Андрей Грицман. Фото А.Степаненко

      Андрей Грицман: Когда-то я начал писать стихи, - во-первых, потому что не мог не писать, но также из-за того, что в свое время, в юности, не очень-то умел логическим образом высказать свою правду более “умным”, или образованным, приятелям и собеседникам. Со временем мне это стало удаваться образным путем, когда в свободном полете метафоры то тут, то там сверкнет истина, чтобы потом исчезнув, оставить, однако, дуновение памяти.

      Меня иногда спрашивают – где же твой дом? Конечно, родина – это Москва: мартовские ручьи на 2-й Мещанской; быстрины на Истре; серебряные сугробы на Кропоткинской по дороге от Дома Ученых к метро у хлорированного котлована на месте Храма Христа Спасителя; футбол в дворовой “сетке” у стадиона “Локомотив” и “Солнцедар” в подъезде у “Преображенки”. Эти образы, каждый из которых имеет особый смысл и открывает дверь в свое “зазеркалье”, можно выстроить в некий знаковый ряд, по нему ощутить вехи жизни.

Но дом образовался, в конце концов, и здесь, в Америке, и подобно стране под названием “Москва”, мы обрели новый, которым является страна “Нью-Йорк”, где тоже “каждый камень знает”.

      В Нью-Йорке возникает чувство, что ты на месте, дома, все открыто — и выход в Атлантику, а там и в Средиземноморье.

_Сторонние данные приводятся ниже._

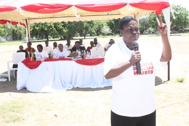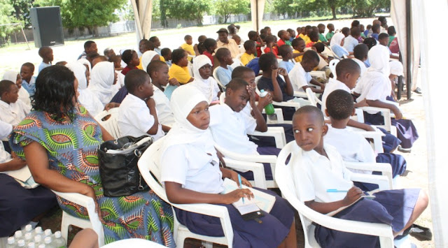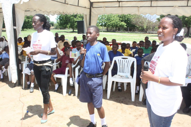 Mtoto wa shule ya msingi Hekima ya jiji Dar es Salaam akieleza machache kwa watoto wenzake, pembeni yake ni Mwakilishi wa Ustawi wa Jamii Kinondoni, Fransisca Makoye na mshereheshaji Zainab.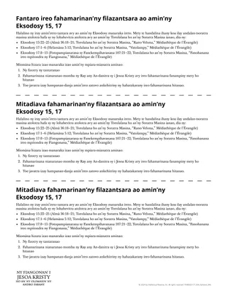Famantarana ireo fahamarinana ao amin’ny filazantsara avy amin’ny Eksodosy 15, 17

И чем-то близкий новоанглийский хвойный Север. Нью-Йорк — город перемещенных лиц, портовый город, пересадка, большой вокзал, с которого мы почему-то не поехали дальше, а остались, достали жареную курицу, выстроились в очередь за кипятком, - вот это и стало домом.

      Мне пришлось долго ждать своего голоса. Но я дождался - и начал “говорить стихи” со своей собственной интонацией, и по-русски, и по-английски. Я почувствовал, что я получил право голоса, и голос мой загрубел, “сел”, и “сломался” в процессе коренного перелома, переселения и потери всего, что было домом... Поэзия, прежде всего, - отражение судьбы, исповедь. Это - глоссолалия души, попытка понять философию жизни (и смерти), при помощи созданного самим собой инструмента сенсорного, метафорического познания, посредством улавливания подспудного ритма, как внутреннего, так и окружающей жизни. Улавливание этого ритма, периодичности, видимо, и является эмпирическим, субъективным поиском связи со Всевышним.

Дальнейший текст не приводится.